Zwar ist der Ausgang der Geschichte von Sandmann und Sandra nicht gänzlich unvorhersehbar. Doch Luisis kleine Mär – er war unter anderem Koautor von Vitus, der 2006 den Schweizer Filmpreis gewann – mäandert so unbekümmert dahin und spielt so frei von freudianischen Zeigefingern mit der wörtlich genommenen Metaphorik des Versandens, dass trotz der märchenhaft-kafkaesken Geschehnisse die Geschichte in einem tieferen Sinn »stimmt«. Natürlich drängt in Benno etwas mit Macht in sein Bewusstsein. Was das ist, kann er aber nur zusammen mit Sandra, deren Träume synchron zu seinen verlaufen, herausfinden. Und so entwickelt sich dieses moderne Märchen mittels experimentellen Abtauchens in Wachträume unversehens zu einer charmanten Inception-Variante. Die Grundidee ist auf Dauer zwar nicht wasserdicht, doch dafür wird das schmale Budget mit anschaulichen Details ausgeglichen.

Burgschauspieler Fabian Krüger gibt den Antihelden als verbitterten Geck, der mit seinen Lebenslügen sein Dasein in den Sand zu setzen droht. Das Objekt seines (Selbst-)Hasses wird vom aparten Frölein Da Capo, einer Kleinkunstdiseuse, die mit Chansons im Schwyzer Dialekt bekannt wurde, gespielt.

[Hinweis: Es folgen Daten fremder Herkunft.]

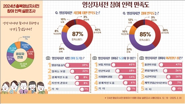 참여자 대상 만족도 조사에는 전체 245명 중 110명(45%)이 참여했고, 사업 참여의 동기를 묻는 질문에 ‘영상기술을 배우기 위해서’ 59%, ‘일하는 보람을 느끼기 위해서’ 22% 순으로 답변했다. 사업 참여로 인해 도움이 된 것에 대한 답변으로는 ‘도민의 인생을 기록하는 사업 참여에 대한 자부심’ 60%로 가장 큰 비중을 차지했으며, ‘인간적 교류’ 18%, ‘사회참여’ 14% 순으로 나타났다. 또한, 사업 수행 중 가장 어려웠던 점에는 ‘출연자를 모집하는 것’ 47%, ‘편집 기술의 부족’ 26%, ‘시간적 부담’ 16% 순으로 답변했다,
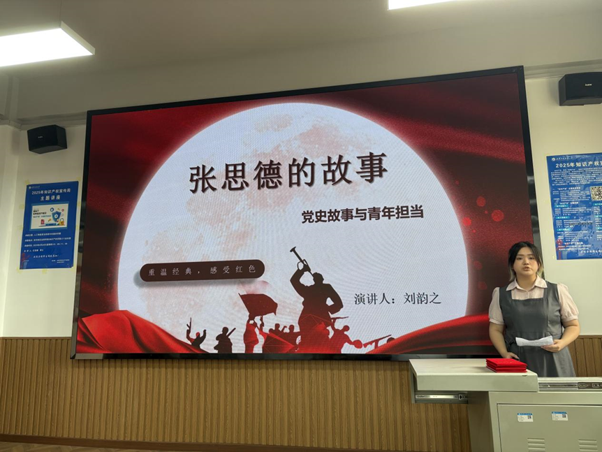 本科生第一党支部的刘韵之同志以《永不褪色的旗帜:张思德与为人民服务的初心》为题,深情讲述了张思德同志的光辉事迹,深刻阐释了“为人民服务”根本宗旨的永恒价值,展现了共产党人的崇高精神境界。

Das Frölein, alias Irene Brügger, führt auch ihr Einfrauorchester vor, besticht aber besonders durch ihre Ausstrahlung einer rundlich in sich ruhenden Venus, die Bennos »Du bist hässlich, du bist untalentiert«-Mantra meist an sich abtropfen lässt. Im Film grämt sie sich ein bisschen wegen ihrer Kilos – in vergangenen Epochen wäre sie mit ihrer, mit Verlaub, Sanduhrfigur ein Schönheitsideal gewesen. In Bennos unbestechlicher Traumwelt ist sie ohnehin die Traumfrau.